Returns a new function that computes the :func:`deriv` for the
given `loss`. This new function will support all the signatures
that :func:`deriv` does.

:param Loss loss: The loss we want the derivative-function for.

:rtype: Function

.. code-block:: julia
julia> g = deriv_fun(L2DistLoss())
(::_deriv) (generic function with 1 method)
julia> g(-1.0, 3.0) # computes the deriv of L2DistLoss
8.0
julia> g.([1.,2], [4,7])
2-element Array{Float64,1}:
6.0
10.0
.. function:: deriv2_fun(loss)

Returns a new function that computes the :func:`deriv2` (i.e.
second derivative) for the given `loss`. This new function
will support all the signatures that :func:`deriv2` does.

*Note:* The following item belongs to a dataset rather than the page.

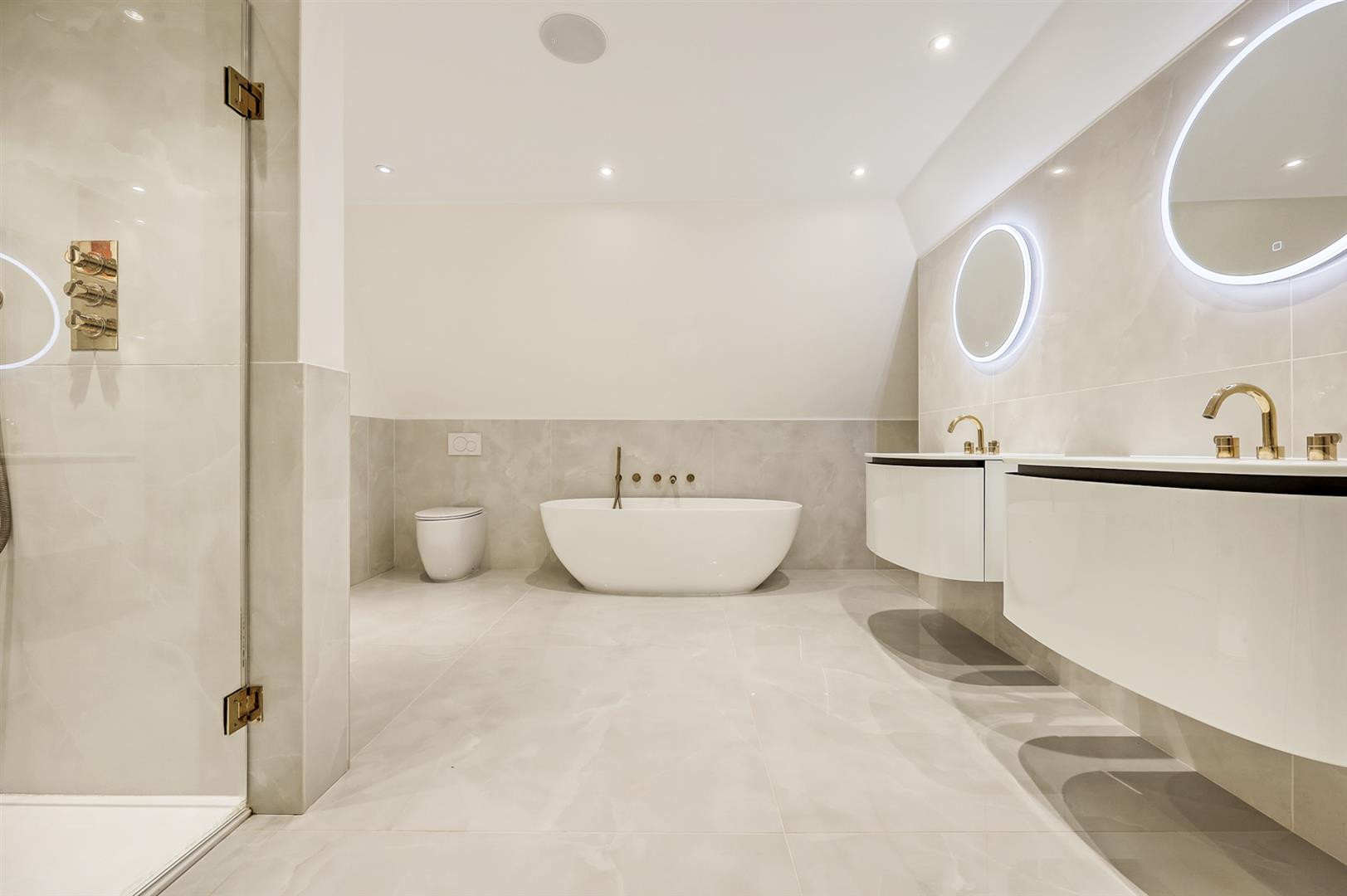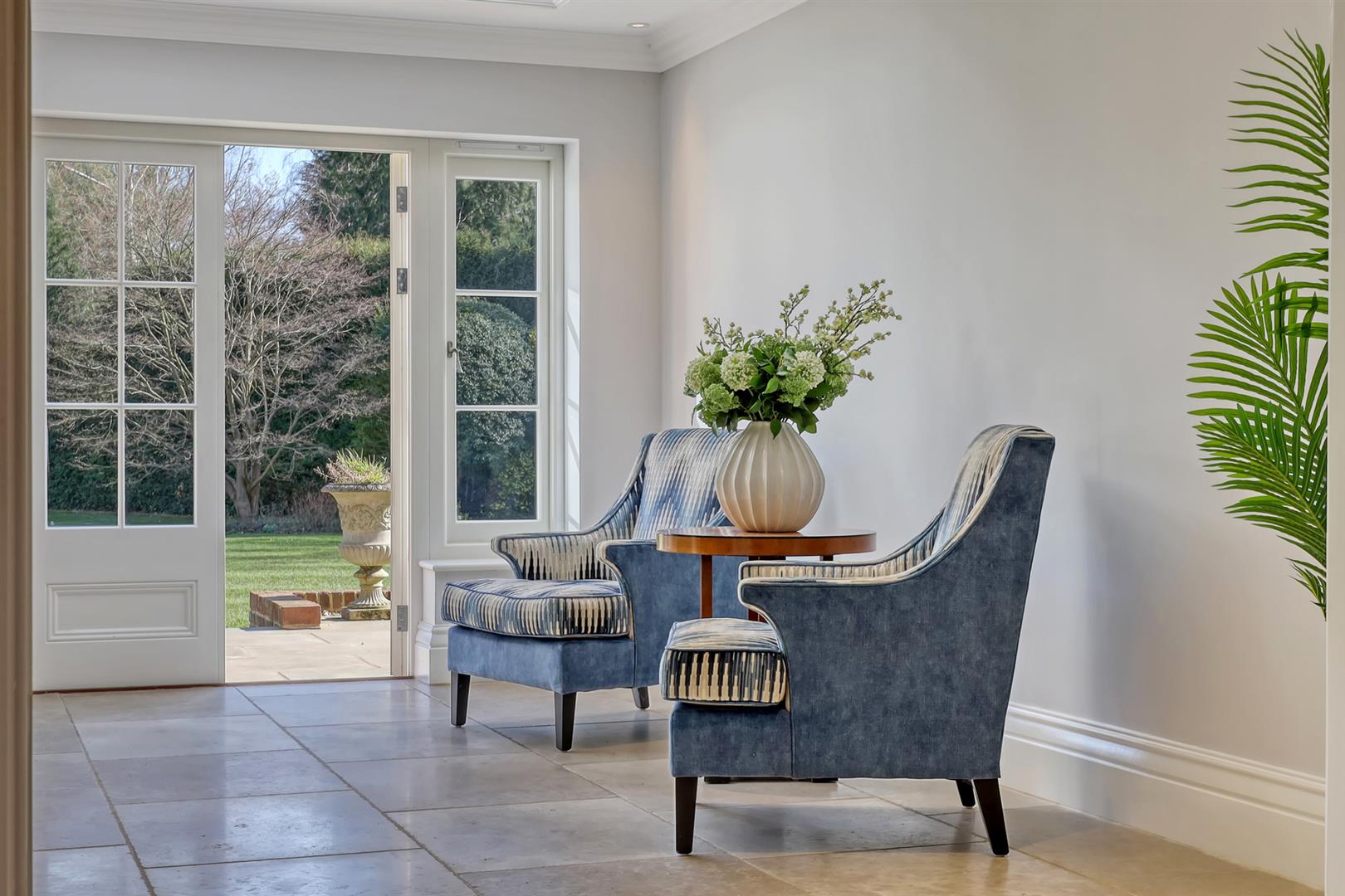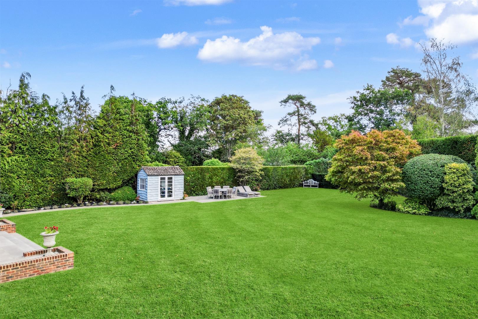 The large entrance hall sets the tone, with its generous proportions and sweeping staircase rising to a galleried landing above. Three reception rooms provide excellent versatility for day-to-day family living and entertaining alike, each space beautifully appointed with elegant finishes and Westbury windows allowing natural light to pour in.

:param Loss loss: The loss we want the second-derivative
function for.

:rtype: Function

.. code-block:: julia
julia> g2 = deriv2_fun(L2DistLoss())
(::_deriv2) (generic function with 1 method)
julia> g2(-1.0, 3.0) # computes the second derivative of L2DistLoss
2.0
julia> g2.([1.,2], [4,7])
2-element Array{Float64,1}:
2.0
2.0
.. function:: value_deriv_fun(loss)

Returns a new function that computes the :func:`value_deriv`
for the given `loss`. This new function will support all the
signatures that :func:`value_deriv` does.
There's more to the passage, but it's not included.